Утверждение народно-соборного Самодержавия в рамках черносотенной идеологии консервативно-соборного преобразования государственного строя непременно предполагало возвышение государственной службы и занятой на ней существенной части имперской элиты путём системного замещения недостойного чиновничества достойным – краеугольной проблемы и в настоящий день. Без верных государевых слуг или мужей народно-соборное Самодержавие как державоустроительная сила невозможно.

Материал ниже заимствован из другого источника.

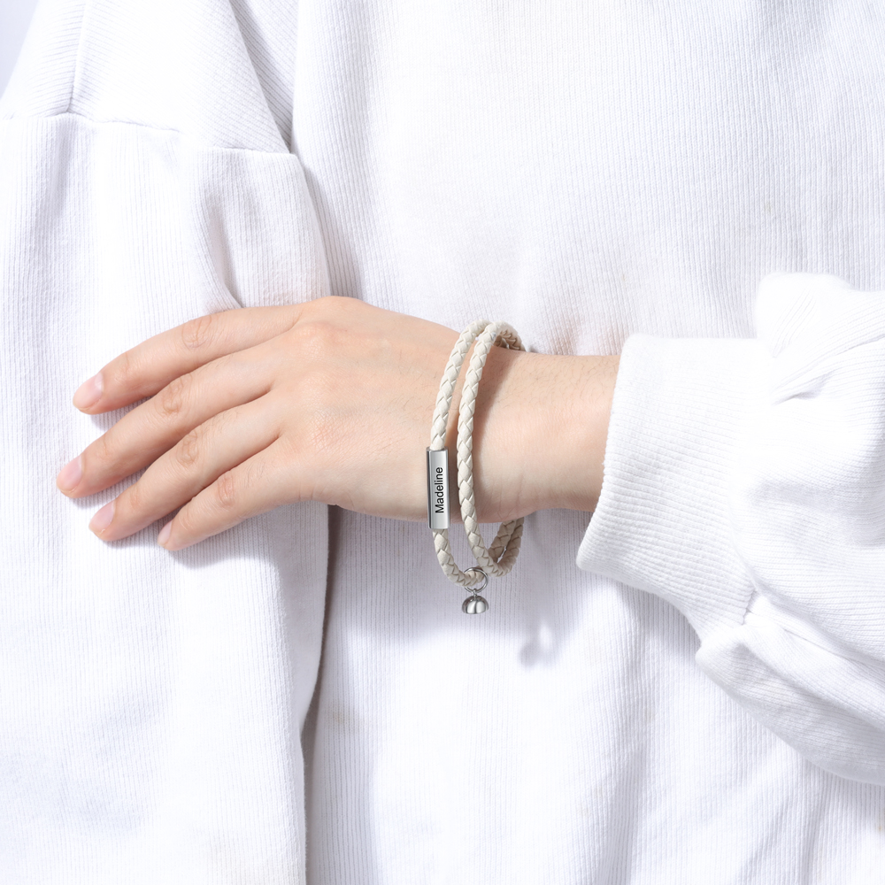 Leather Couple Magnetic Bracelet Personalized Names and Date Bracelet Set

В программе «Русской монархической партии» утверждалось, что «государственная служба, как показали последние события, не стоит у нас на должной высоте. Во всех её сферах встречаются лица, нарушающие законы Государства, или потакающие их нарушителям, из малодушия или своекорыстия; содействуя этим понижению Правительственного авторитета и развращению общества, они, сверх того, причиняют неисчислимый вред Государству. Монархическая партия с негодованием отвергает этих неверных и лукавых слуг Царя, полагая, что на Царской службе не могут быть терпимы лица, считающие служение своё за выпавшую на их долю привилегию, а не за долг и обязанность, исполняемые не за страх, а за совесть перед Царём-Самодержцем и Родиной». Главным же средством формирования достойного чиновничества, наряду с духовным воспитанием, у черносотенцев была защита царской кадровой политики от партийно-парламентского подчинения и влияния в пользу укрепления деятельностной воли Государя, которую и должны были соборно укрепить совещательные органы Государственного совета и Земского собора.
Этим вкупе и обеспечивалась «народная монархия», воспетая выдающимся имперским мыслителем и деятелем белорусского происхождения Иваном Солоневичем.